Ms. Begger
Club for TwoSuzy's POV
This .
I'm in homeroom right now, and I'm stuck in a group of rich snobby kids who are probably going to make me do all their work.
Okay, rewind. You probably don't understand what's going on right now...
So word got around that B1A4 picked on me in the library. I don't know how it traveled, because B1A4 probably don't want people to think they'd waste their time on some lowlife like me...so who spread it? Oh well, what matters right now is that I don't get robbed or pranked on right now.
To make matters worse, it was getting closer to the annual school year festival. It celebrates the school's anniversity. Every homeroom has to come up with an activity for the festival. The school gives every homeroom a certain amount of money (in our case, 500000 won or $500) to spend on their activity.
Currently, I'm stuck in homeroom and surrounded by idiotic people who are calling out useless things to the class president, Gong Chanshik, the maknae of B1A4.
"Dance Dance Revolution Contest!"
"Maid café!"
"Bakery!"
"Kareoke!!"
Chanshik started writing down all the suggestions on the smartboard in front of the class (A/N if you don't know what a smartboard is, look it up). His hand was a blur as he rushed to scribble down people's suggestions. After writing down everyone's suggestions, he glanced at the board wishfully, and looked a bit sad.
"What's wrong, Chanshik?" asked Jessica, with a hint of concern. Uh! I hate her! She's one of the girls who particularly goes out of their way to bully me!

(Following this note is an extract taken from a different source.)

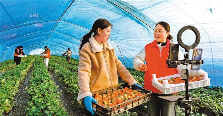 ◀十二月二十四日,江苏泗洪县车门乡王沟村草莓种植基地,党员志愿者在直播销售草莓。

I remember the first time she bullied me, she actually dropped of a business card, cackling, "YOU BETTER REMEMBER MY NAME, LOWLIFE!" ! Written on it was,
Jessica Jung
Working for for the good of the world, erasing all scum that pollutes the beautiful earth.
789-930-0009
Currently, that hot pink business card imprinted with flowers and hearts layed at the bottom of the garbage dump, torn to a million pieces. Anyways, back to the present.
"Well...I really like books, but nothing up here involves books," Chanshik pouted. Wow, he's a book worm too? My mind flashed back to the time I met him in the library, his nose buried in a book while I was getting picked on. Suddenly I felt a surge of anger and I vented out my stress like a teapot.
"How about we have a book café?" said one of Jessica's lackeys. Grr...why are all her lackeys so pretty?
"Yeah! We can borrow books and comics from the library for the people to read while they're eating cakes and pastries!!"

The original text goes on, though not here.